Thank you to Goodreads, HarperCollins Publishers, and Joyce Carol Oates for the gifted copy of The (Other) You!

The (Other) You is a newly released collection of short stories that explores potential alternative realities. In the book, the characters face life-altering circumstances and are left to ponder how things could have ended differently. An author performs a book reading in her hometown of Yewville and wonders how her life would have been different if she had stayed. Matt/Matthew Smith encounter alternate versions of themselves while waiting to meet a friend for lunch. Readers repeatedly return to The Purple Onion café, where a deadly tragedy once occurred, but the characters, developments, and outcomes of the event are different in each story. The stories in The (Other) You focus inward, on the narrators’ and characters’ internal musings, and offer interesting commentary on the pressures we all face.

The art of the short story is fascinating to me, so I wouldn’t call any collection “bad,” but this was not my favorite. The characters didn’t have any lasting effect on me, and only a couple of stories stand out in my mind as ones that caught my attention or that I particularly enjoyed.
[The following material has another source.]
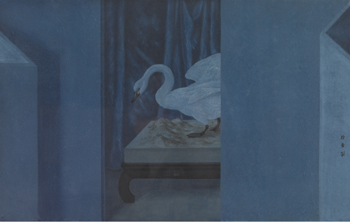 袁遠來自杭州,2008年畢業于中國美術學院碩士學院,是近年備受關注的年輕藝術家之一。袁遠畫作的畫面充斥著懷舊感,流露一種令人無以名狀的傷感及失落。他的筆觸細致中見變化,遠看高度像真,近見藝術家感性的筆觸,充滿著情感的悸動。袁遠喜歡以室內空間作為題材,在宏偉與廢墟的場景之間,抓著空間對觀者的心理投射,形成超現實的視覺感官經驗!读鲃又肥瞧渲歇毺刂,畫面描述一個教堂的內部,玻璃窗透著的并不是澄藍的天空,而是海洋的深淵,教堂猶如浸沒在汪洋之中,是一則令人深思的暗喻。
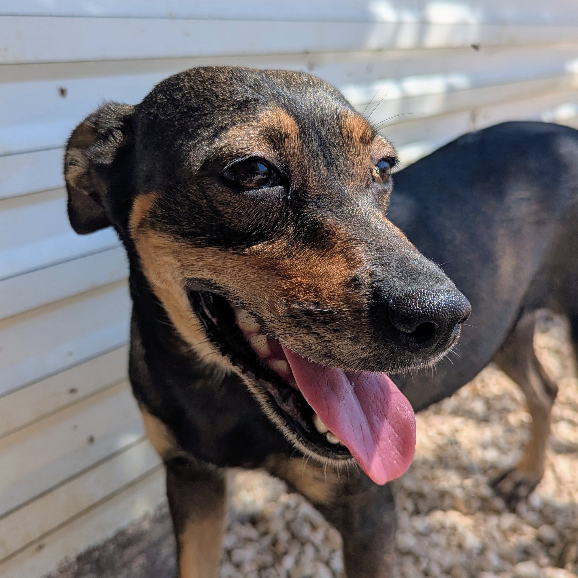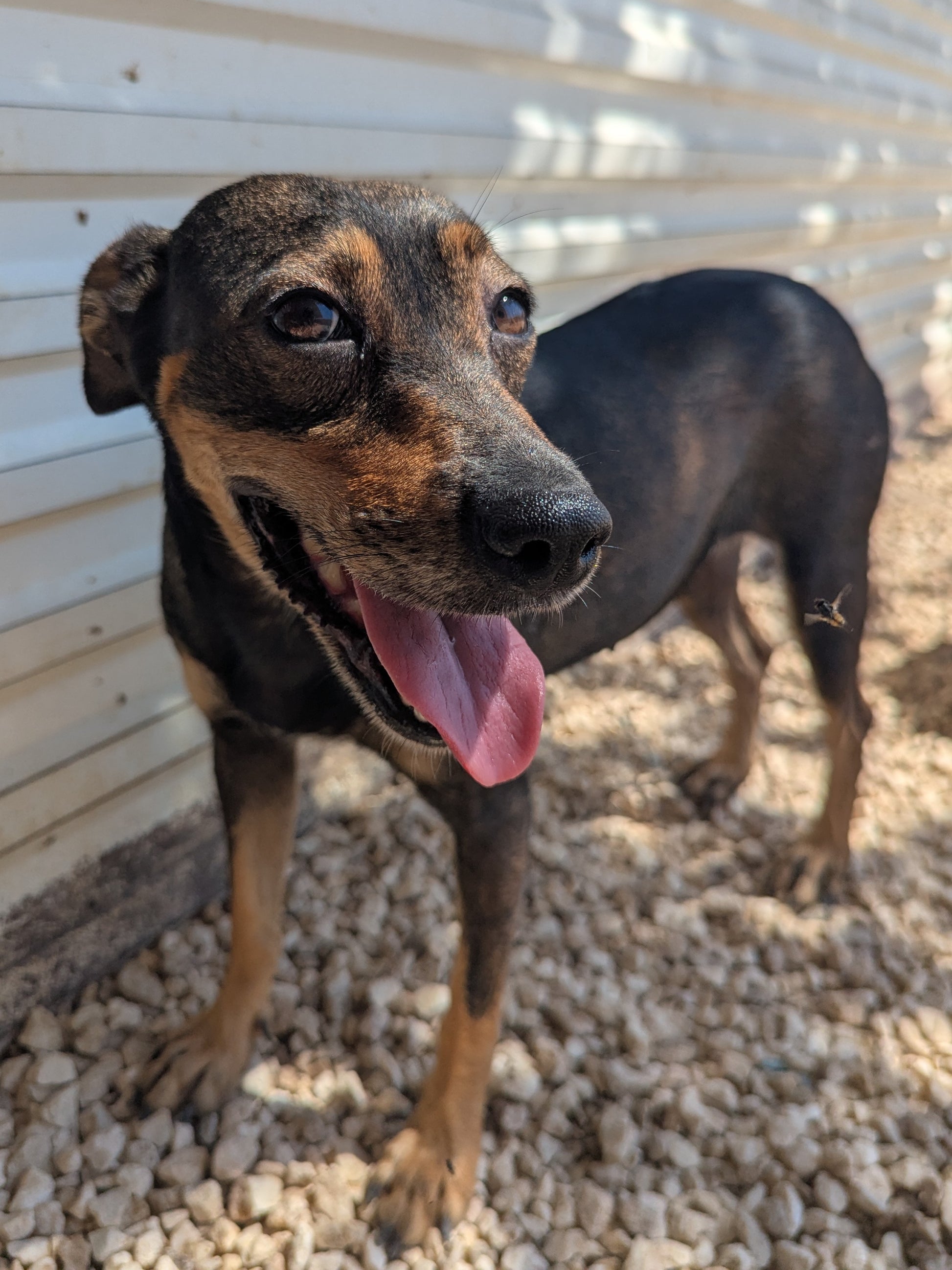 Небольшого размера девочка темно-коричневого окраса с рыжим пятнами. Кроткая, застенчивая

Perhaps if I read this collection again and spent more time analyzing the stories, I would come away with a better sense of what Joyce Carol Oates wanted to reveal through these pieces. Of the stories in The (Other) You that I did enjoy, my favorites included “Subaqueous,” “Waiting for Kizer,” and “The Happy Place.” These stories kept me engaged and trying to pick apart the subtext. Though it wasn’t a personal favorite of mine, avid fans of short stories and Joyce Carol Oates are sure to enjoy her new collection published in February 2021.